Import permits are issued after complying with the following requirements:-

• Registration of pharmaceutical products and importer.
• Application for importation of pharmaceutical products. Information required to be submitted include the following:-
  • The International Non Proprietary name (INN) or the generic name of the drug and its strength.
  • In case of a product containing more than one active ingredient, the name and strength of each ingredient.
  • The Pharmacopoeia specification of the ingredient such as BP, USP.
  • The quantity to be imported for each drug.
  • Name of the supplier.
  • Name of manufacturer.
  • Country of origin.
  • Trade or proprietary name as appropriate.
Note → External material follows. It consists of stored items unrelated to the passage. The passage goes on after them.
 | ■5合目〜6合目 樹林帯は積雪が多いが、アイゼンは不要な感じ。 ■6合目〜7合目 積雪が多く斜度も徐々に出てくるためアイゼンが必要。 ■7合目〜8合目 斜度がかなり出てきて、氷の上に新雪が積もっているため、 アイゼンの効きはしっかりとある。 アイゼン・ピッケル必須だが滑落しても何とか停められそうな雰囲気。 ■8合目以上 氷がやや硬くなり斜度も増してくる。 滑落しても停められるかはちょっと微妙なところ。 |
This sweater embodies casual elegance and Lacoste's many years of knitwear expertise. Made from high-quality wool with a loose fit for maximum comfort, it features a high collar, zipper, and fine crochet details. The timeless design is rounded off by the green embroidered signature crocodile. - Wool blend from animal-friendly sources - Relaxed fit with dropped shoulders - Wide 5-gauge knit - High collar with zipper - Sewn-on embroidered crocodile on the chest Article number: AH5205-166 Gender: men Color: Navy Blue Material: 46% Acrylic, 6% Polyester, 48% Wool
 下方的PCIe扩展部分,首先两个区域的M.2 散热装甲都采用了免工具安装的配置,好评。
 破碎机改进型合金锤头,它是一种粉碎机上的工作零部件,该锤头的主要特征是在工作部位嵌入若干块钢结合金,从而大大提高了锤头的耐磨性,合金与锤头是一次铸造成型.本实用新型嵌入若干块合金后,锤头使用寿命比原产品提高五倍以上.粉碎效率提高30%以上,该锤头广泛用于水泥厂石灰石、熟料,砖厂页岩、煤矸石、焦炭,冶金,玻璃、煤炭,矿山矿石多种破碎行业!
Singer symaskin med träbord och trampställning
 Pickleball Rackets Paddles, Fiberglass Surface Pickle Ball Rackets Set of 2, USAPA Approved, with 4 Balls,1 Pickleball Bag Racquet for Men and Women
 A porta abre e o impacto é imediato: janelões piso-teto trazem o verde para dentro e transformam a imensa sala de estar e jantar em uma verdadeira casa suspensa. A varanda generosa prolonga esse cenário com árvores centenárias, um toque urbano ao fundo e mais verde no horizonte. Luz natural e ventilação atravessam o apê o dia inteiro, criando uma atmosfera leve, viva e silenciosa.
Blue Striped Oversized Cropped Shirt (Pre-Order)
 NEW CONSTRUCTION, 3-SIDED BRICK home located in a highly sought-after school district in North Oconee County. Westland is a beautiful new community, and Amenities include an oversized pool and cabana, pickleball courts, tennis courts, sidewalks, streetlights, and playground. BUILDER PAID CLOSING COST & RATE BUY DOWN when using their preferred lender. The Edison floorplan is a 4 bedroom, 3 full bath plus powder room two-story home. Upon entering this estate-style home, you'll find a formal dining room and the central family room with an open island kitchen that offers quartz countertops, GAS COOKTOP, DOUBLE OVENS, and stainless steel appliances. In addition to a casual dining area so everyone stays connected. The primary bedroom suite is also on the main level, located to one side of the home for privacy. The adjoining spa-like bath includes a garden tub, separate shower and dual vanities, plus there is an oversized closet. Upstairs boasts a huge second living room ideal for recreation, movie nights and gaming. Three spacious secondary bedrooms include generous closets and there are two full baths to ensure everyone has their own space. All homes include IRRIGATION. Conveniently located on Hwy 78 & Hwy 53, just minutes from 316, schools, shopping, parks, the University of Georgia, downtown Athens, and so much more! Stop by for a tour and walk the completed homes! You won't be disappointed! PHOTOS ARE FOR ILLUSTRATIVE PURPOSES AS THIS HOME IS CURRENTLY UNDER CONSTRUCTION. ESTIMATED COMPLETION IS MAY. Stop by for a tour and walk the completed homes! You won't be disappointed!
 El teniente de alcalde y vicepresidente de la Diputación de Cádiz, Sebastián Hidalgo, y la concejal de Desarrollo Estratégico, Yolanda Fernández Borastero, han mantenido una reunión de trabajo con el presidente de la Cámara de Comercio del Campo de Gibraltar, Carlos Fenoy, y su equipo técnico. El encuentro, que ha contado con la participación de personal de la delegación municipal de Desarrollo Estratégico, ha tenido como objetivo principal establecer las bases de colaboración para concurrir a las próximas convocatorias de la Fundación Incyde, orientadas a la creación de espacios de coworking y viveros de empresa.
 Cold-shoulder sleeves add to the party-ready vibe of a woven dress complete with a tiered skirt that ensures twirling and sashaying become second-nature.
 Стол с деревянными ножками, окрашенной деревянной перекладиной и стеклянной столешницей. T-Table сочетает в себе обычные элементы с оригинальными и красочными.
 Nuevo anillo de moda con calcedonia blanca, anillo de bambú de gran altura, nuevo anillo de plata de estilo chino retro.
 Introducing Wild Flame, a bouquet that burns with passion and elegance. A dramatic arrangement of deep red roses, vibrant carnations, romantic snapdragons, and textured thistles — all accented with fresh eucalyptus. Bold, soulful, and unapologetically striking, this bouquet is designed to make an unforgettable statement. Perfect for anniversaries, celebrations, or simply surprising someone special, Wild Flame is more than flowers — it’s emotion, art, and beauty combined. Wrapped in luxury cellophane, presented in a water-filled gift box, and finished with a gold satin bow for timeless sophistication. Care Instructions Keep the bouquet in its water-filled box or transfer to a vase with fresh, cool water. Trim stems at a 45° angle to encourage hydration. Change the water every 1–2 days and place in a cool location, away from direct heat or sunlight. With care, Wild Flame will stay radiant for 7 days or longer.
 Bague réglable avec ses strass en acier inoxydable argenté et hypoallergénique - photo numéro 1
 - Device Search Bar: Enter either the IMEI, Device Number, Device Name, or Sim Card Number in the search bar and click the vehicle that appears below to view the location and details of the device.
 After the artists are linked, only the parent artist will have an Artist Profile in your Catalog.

  • The product registration number as approved by TFDA.
• The application for importation should be accompanied by original Proforma Invoice from the supplier indicating besides the aforementioned information, terms of payment, currency of payment, validity of the proforma, mode of shipment.
• The importer must have a valid permit to deal with importation of pharmaceuticals into the country.
• Payment of the prescribed fees should be made (currently 2% FoB).
• Consignments shall be accompanied with a certificate of analysis relating to the specific batch.
• Products should pass through the port of entry indicated in the proforma.